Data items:
--------------------------------

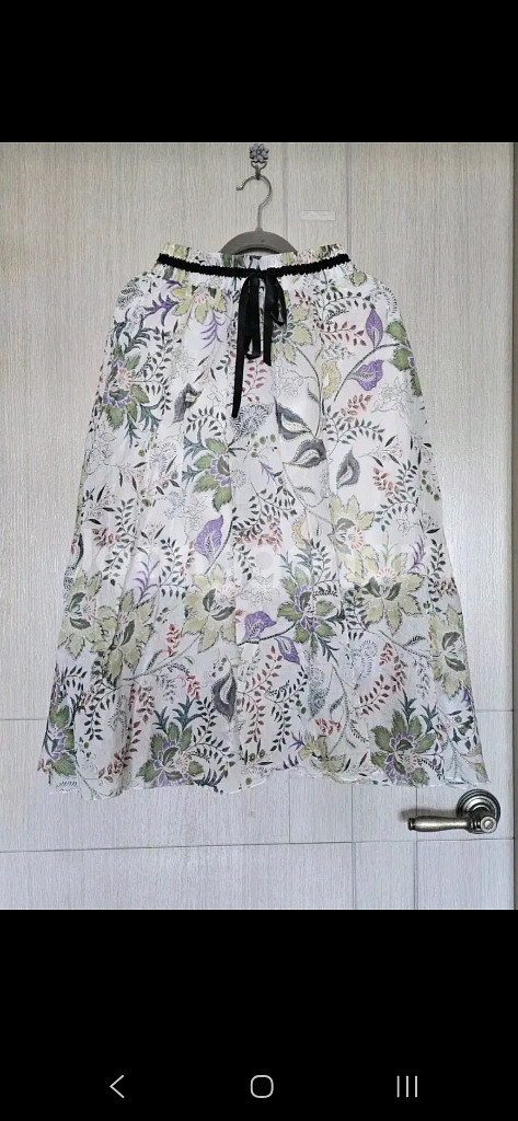더이스트샵 리본 밴딩 롱 스커트 구매 후 드라이해서 보관만 한 새 옷입니다. 면 70%, 폴리 30% 소재예요 밴딩에 리본 디테일 하늘하늘 가볍고 라일락이 핀듯한 내추럴한 플로럴 스커트입니다. 길이 80 환불반품 안돼요
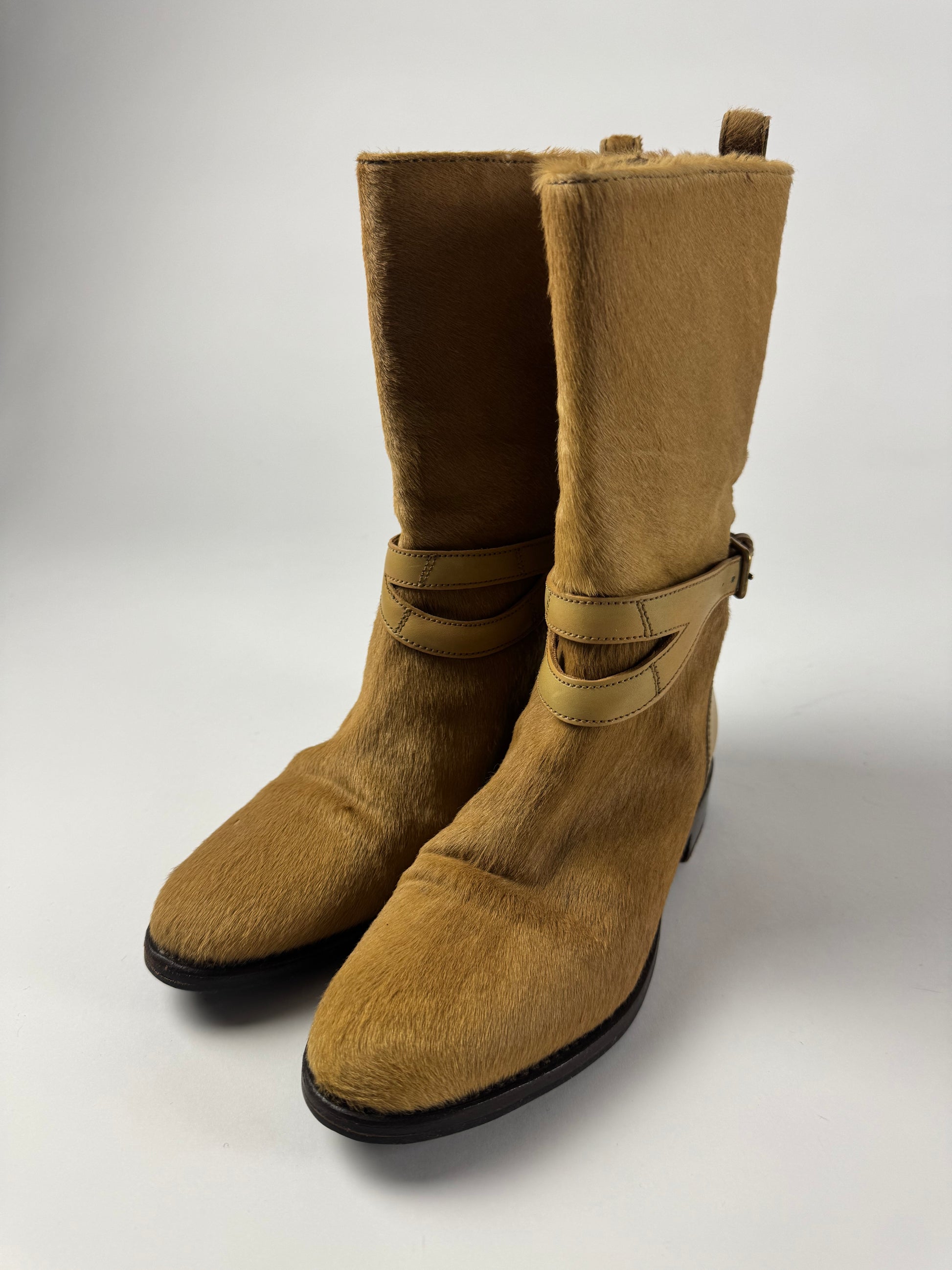 Yves Saint Laurent Rive Gauche Pony Hair Belted High Boots 2000s - 35 EU
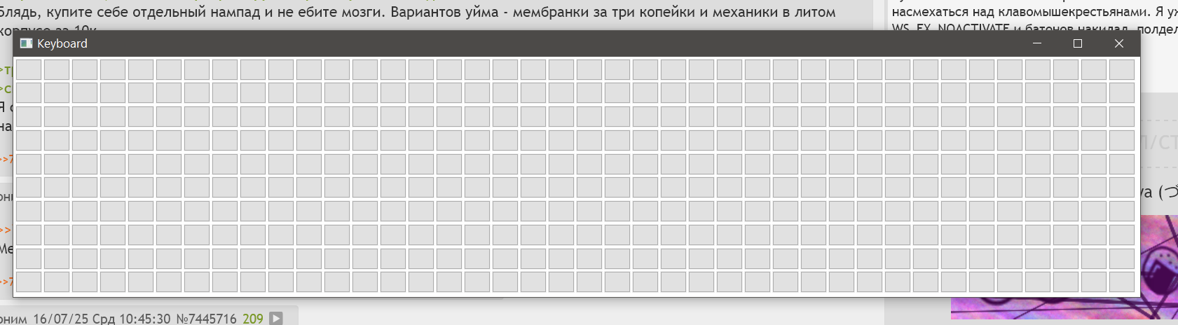 >>7445662 Ну вот я >>7444611 купил 75ку на днях, а руку все равно носить плечо песочит. Заказываю щас планшет, буду дрочить дикпик чтобы написал мне оск с граблей корованов. Чтобы пеном вводить точечно нужные мне символы и макросы без всякого ктрл-шифтования, откинувшись в кресле руководителя бюрократ, и насмехаться над клавомышекрестьянами. Я уже окно создал с WS_EX_NOACTIVATE и батонов накидал, полдела считай сделано.
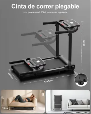 Cinta de correr compacta y fácil de guardar. - Diseño plegable. - Función de inclinación ajustable. Con panel para controlar la velocidad y también con mando a distancia, también tiene un soporte para dejar el móvil, tablet.. Con su libro de instrucciones
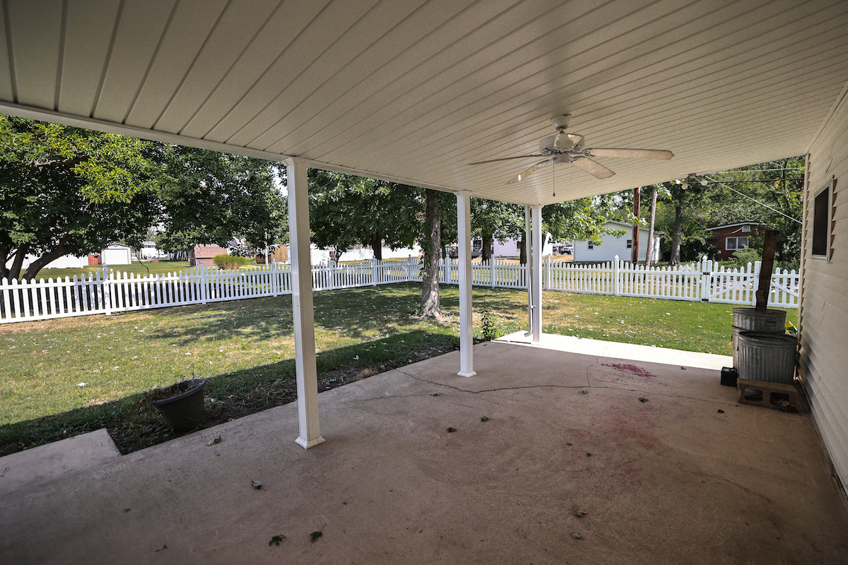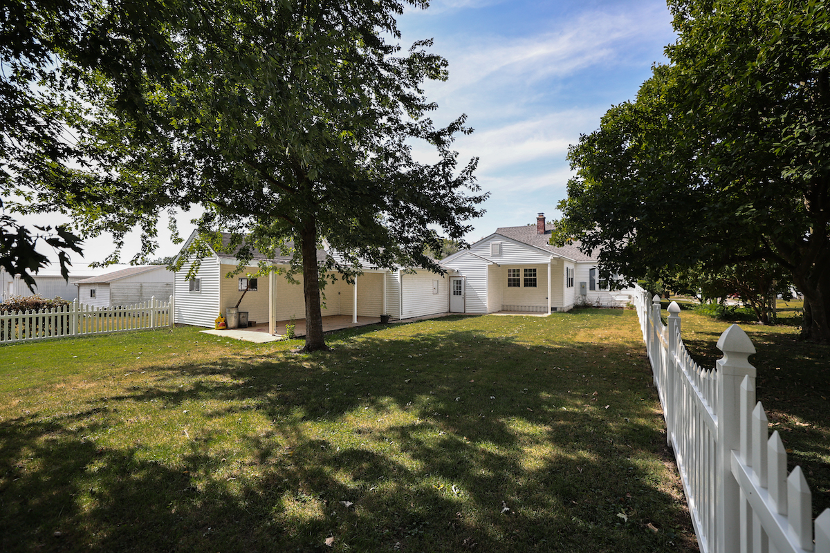 The exterior includes several appealing features that add both function and comfort. The backyard is fully fenced with a white picket fence. Concrete patio areas offer durable and low-maintenance outdoor spaces that can be used for grilling, entertaining, or simply relaxing. The detached garage provides generous storage capacity, including room for tools, equipment, or recreational items.
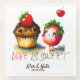 Fun watercolor illustration couple in love: red strawberry and maffin with quote Love is sweet
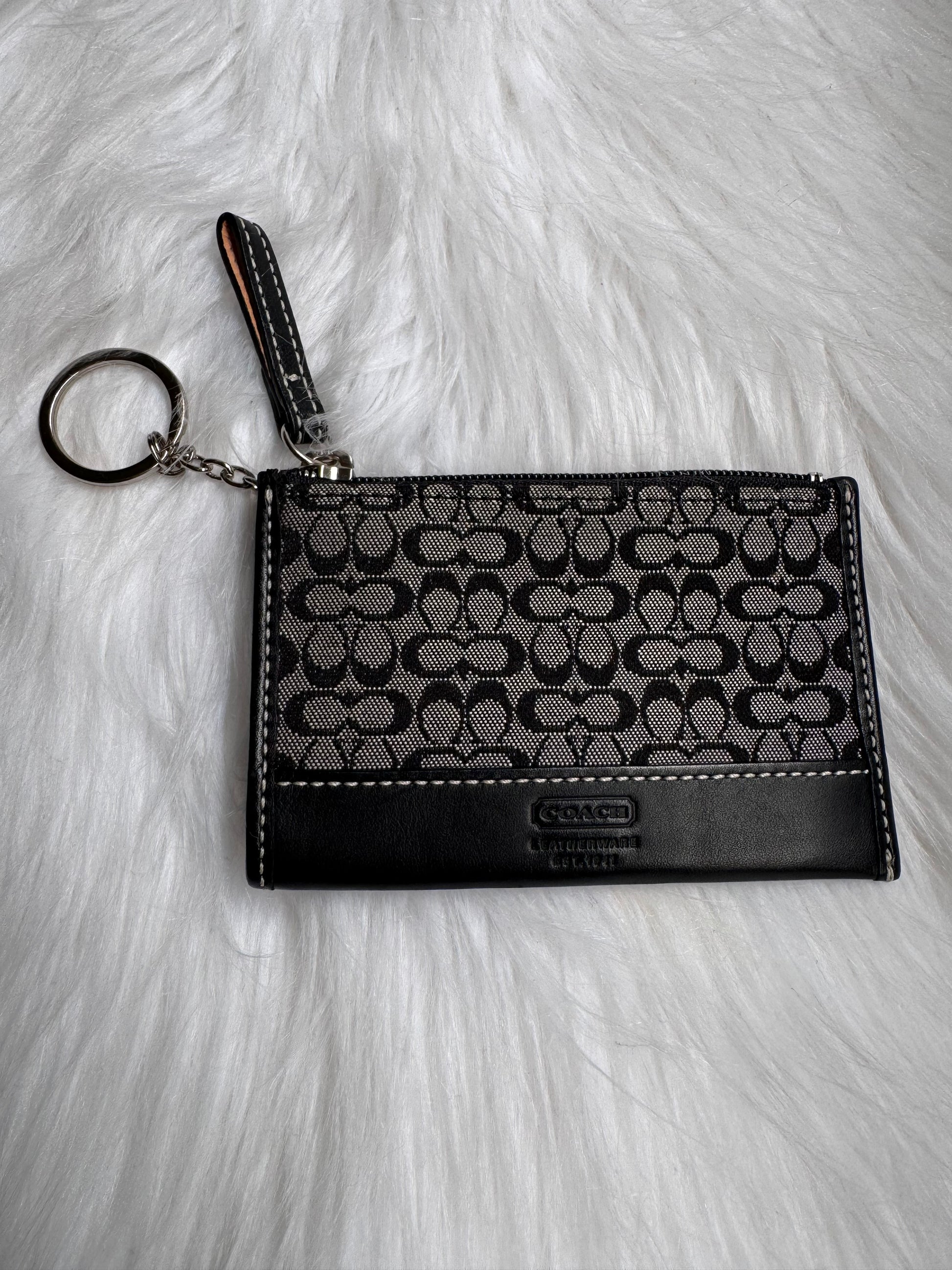 Mini monedero con una práctica ranura en uno de los lados por fuera lo que lo hace versátil para llevar objetos esenciales como tarjetas o tu identificación, y en la parte interior monedas y llaves.

--------------------------------

» Description of the task: Pictures do not belong in the copy. Repeat only the lines from the top of the records through the line containing "Yves Saint Laurent".

» Solution to the problem:
더이스트샵 리본 밴딩 롱 스커트 구매 후 드라이해서 보관만 한 새 옷입니다. 면 70%, 폴리 30% 소재예요 밴딩에 리본 디테일 하늘하늘 가볍고 라일락이 핀듯한 내추럴한 플로럴 스커트입니다. 길이 80 환불반품 안돼요
 Yves Saint Laurent Rive Gauche Pony Hair Belted High Boots 2000s - 35 EU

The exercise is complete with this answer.